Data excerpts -
################

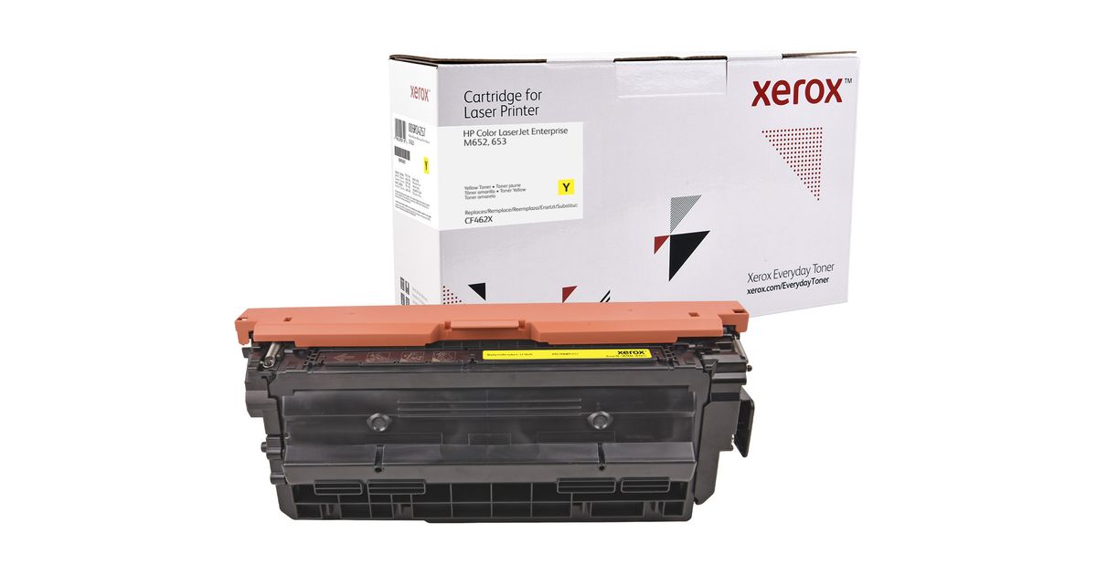 Everyday Yellow Toner compatible with HP 656X (CF462X), High Yield, by Xerox. Comes with a lifetime warranty and is designed for optimum quality, performance, reliability, and safety. Offered at a significantly lower cost compared to cartridges from original manufactures, the Everyday™ Toner portfolio includes cartridges for major printer and copier brands. They meet or exceed industry standards for global safety and environmental compliance and may be returned to Xerox free of charge for recycling in an environmentally responsible way.
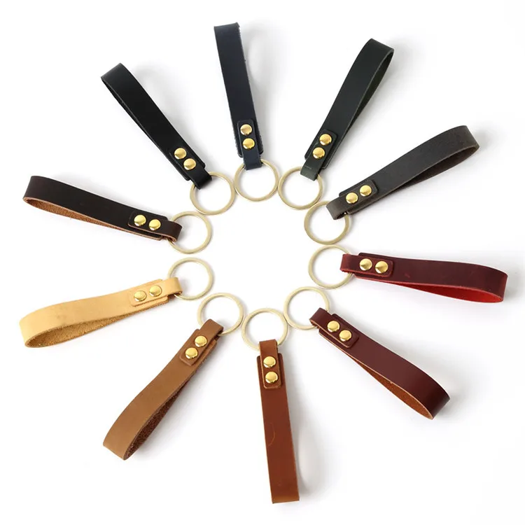 Оптовая продажа, кожаный брелок с золотым кольцом для ключей с пользовательским логотипом
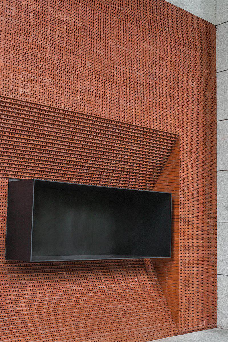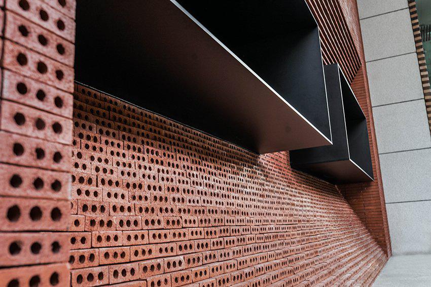 the façade of the building is built from sintered bricks produced by kiln roasting. the color is simple and natural, which forms a strong impact on the street elevation. in addition, the raw brick material is taken from natural clay, argil and shale, meaning that after the service life of the building, it can be crushed and recycled to make brick products again. therefore, the project also promotes ideas of sustainability while creating a new architectural intervention in zhujiang new town.
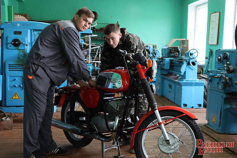 Калі карэспандэнты завіталі ў майстэрні аграрна-тэхнічнага каледжа, там праходзілі чарговыя заняткі аб’яднання па інтарэсах «Майстэрня тэхнічнага канструявання». Як паведаміў кіраўнік аб’яднання выкладчык вучэбнага прадмета «Устройства і эксплуатацыя аўтамабіляў» Дзяніс Вашкевіч, хлопцы займаюцца аднаўленнем старой тэхнікі, рамантуюць матацыклы, веласіпеды.
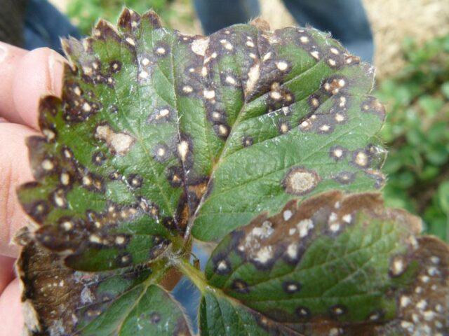 Първите симптоми на гъбично заболяване се появяват като жълти петна по листата, които постепенно изсъхват и отпадат. За борба с патологията, пръскането с "Kuprozan", "Ftolan" се извършва в момент, когато бъбреците все още не са започнали да растат.
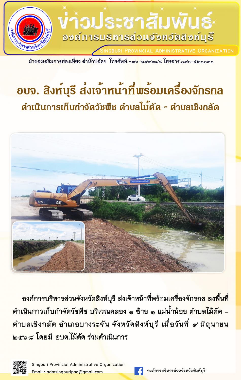 อบจ.สิงห์บุรี ส่งเจ้าหน้าที่พร้อมเครื่องจักรกล เก็บกำจัดวัชพืช ตำบลไม้ดัด - ตำบลเชิงกลัด [9 มิถุนายน 2568]
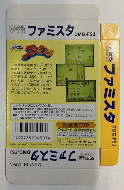 ゲームボーイ ファミスタ 未組み立ての箱 未使用品 当時物 未組立て
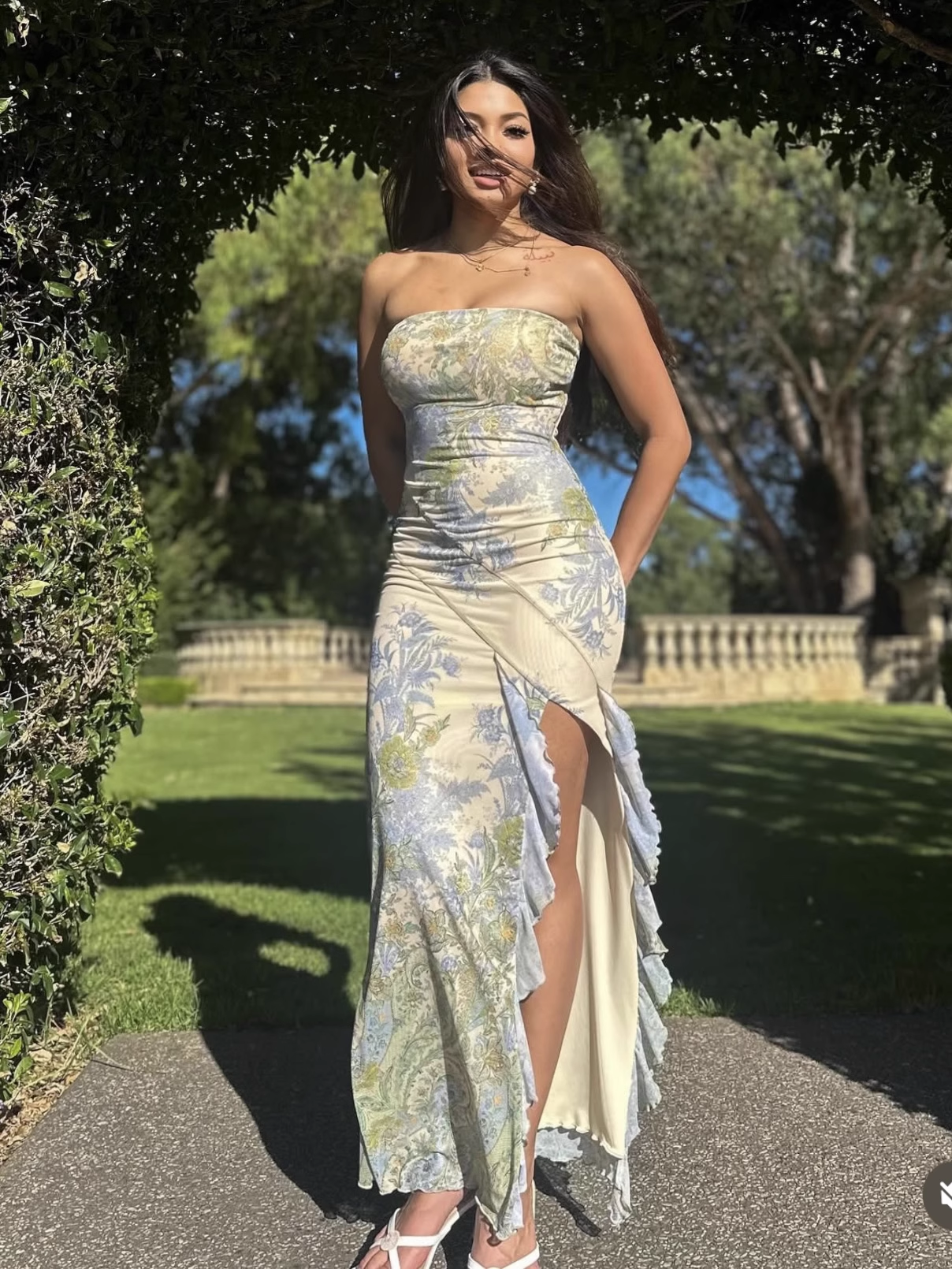 Süßes trägerloses A-Linien-Partykleid mit Blumenmuster und unregelmäßigem Saum, D1400
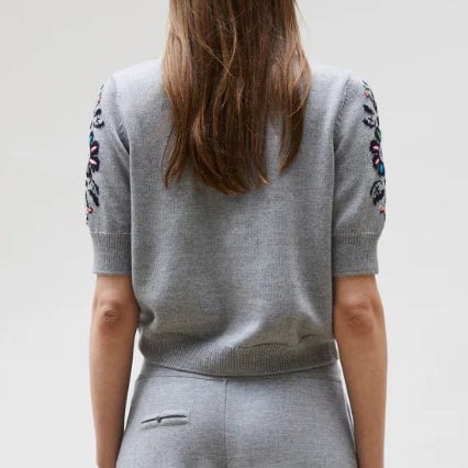鮮やかなネオンタッチの刺繍カラーのコントラストが素敵な半袖ニット
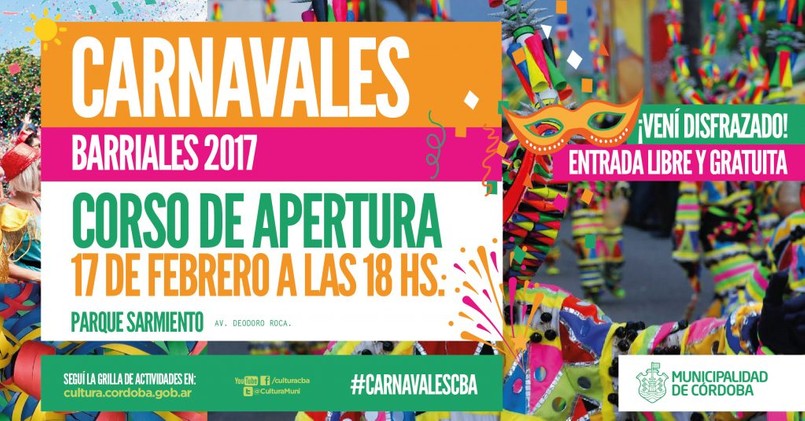 Por otra parte, los corsos se reunirán este viernes a partir de las 18 para dar inicio oficial a los Carnavales Barriales en el Parque Sarmiento (se invita a los vecinos a participar disfrazados).
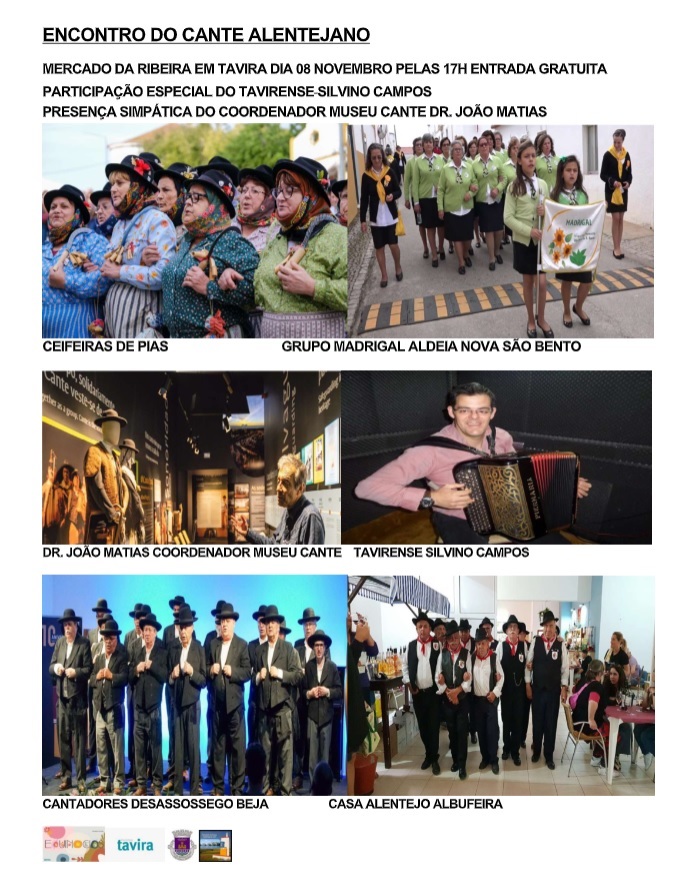 A Associação dos Amigos do Alentejo de Tavira, vai levar a efeito no dia 8 de novembro, pelas 17h00, no Mercado da Ribeira, o Encontro do Cante Alentejano.
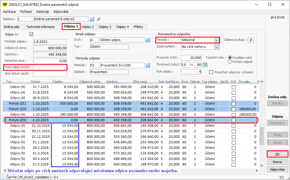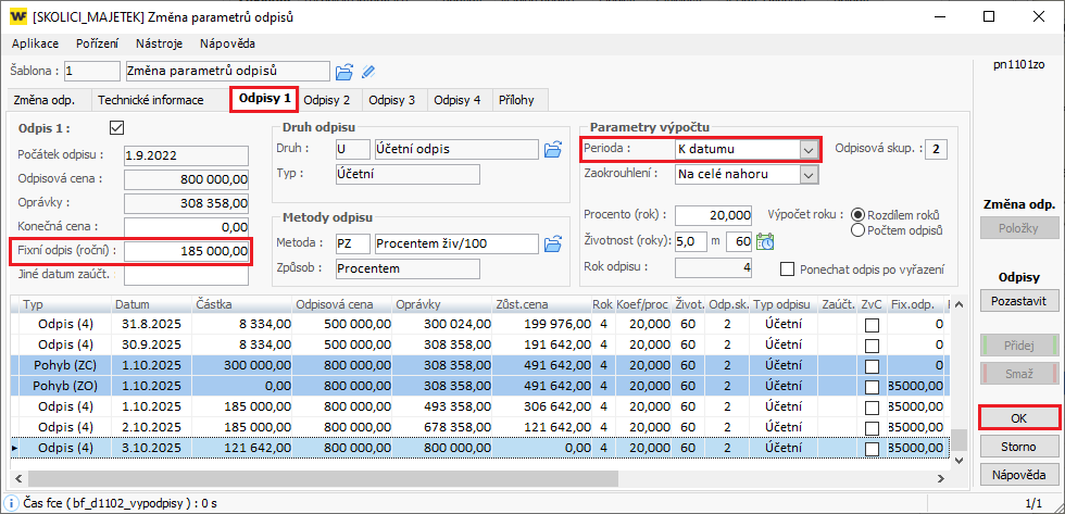 - Tlačítko Změna parametru odpisů – datum o den později (např. 2.10.2025).

################

TRY IT -
Copy every line above word for word and exclude the pictures.

RESPONSE BOX -
 Everyday Yellow Toner compatible with HP 656X (CF462X), High Yield, by Xerox. Comes with a lifetime warranty and is designed for optimum quality, performance, reliability, and safety. Offered at a significantly lower cost compared to cartridges from original manufactures, the Everyday™ Toner portfolio includes cartridges for major printer and copier brands. They meet or exceed industry standards for global safety and environmental compliance and may be returned to Xerox free of charge for recycling in an environmentally responsible way.
 Оптовая продажа, кожаный брелок с золотым кольцом для ключей с пользовательским логотипом
 the façade of the building is built from sintered bricks produced by kiln roasting. the color is simple and natural, which forms a strong impact on the street elevation. in addition, the raw brick material is taken from natural clay, argil and shale, meaning that after the service life of the building, it can be crushed and recycled to make brick products again. therefore, the project also promotes ideas of sustainability while creating a new architectural intervention in zhujiang new town.
 Калі карэспандэнты завіталі ў майстэрні аграрна-тэхнічнага каледжа, там праходзілі чарговыя заняткі аб’яднання па інтарэсах «Майстэрня тэхнічнага канструявання». Як паведаміў кіраўнік аб’яднання выкладчык вучэбнага прадмета «Устройства і эксплуатацыя аўтамабіляў» Дзяніс Вашкевіч, хлопцы займаюцца аднаўленнем старой тэхнікі, рамантуюць матацыклы, веласіпеды.
 Първите симптоми на гъбично заболяване се появяват като жълти петна по листата, които постепенно изсъхват и отпадат. За борба с патологията, пръскането с "Kuprozan", "Ftolan" се извършва в момент, когато бъбреците все още не са започнали да растат.
 อบจ.สิงห์บุรี ส่งเจ้าหน้าที่พร้อมเครื่องจักรกล เก็บกำจัดวัชพืช ตำบลไม้ดัด - ตำบลเชิงกลัด [9 มิถุนายน 2568]
 ゲームボーイ ファミスタ 未組み立ての箱 未使用品 当時物 未組立て
 Süßes trägerloses A-Linien-Partykleid mit Blumenmuster und unregelmäßigem Saum, D1400
鮮やかなネオンタッチの刺繍カラーのコントラストが素敵な半袖ニット
 Por otra parte, los corsos se reunirán este viernes a partir de las 18 para dar inicio oficial a los Carnavales Barriales en el Parque Sarmiento (se invita a los vecinos a participar disfrazados).
 A Associação dos Amigos do Alentejo de Tavira, vai levar a efeito no dia 8 de novembro, pelas 17h00, no Mercado da Ribeira, o Encontro do Cante Alentejano.
 - Tlačítko Změna parametru odpisů – datum o den později (např. 2.10.2025).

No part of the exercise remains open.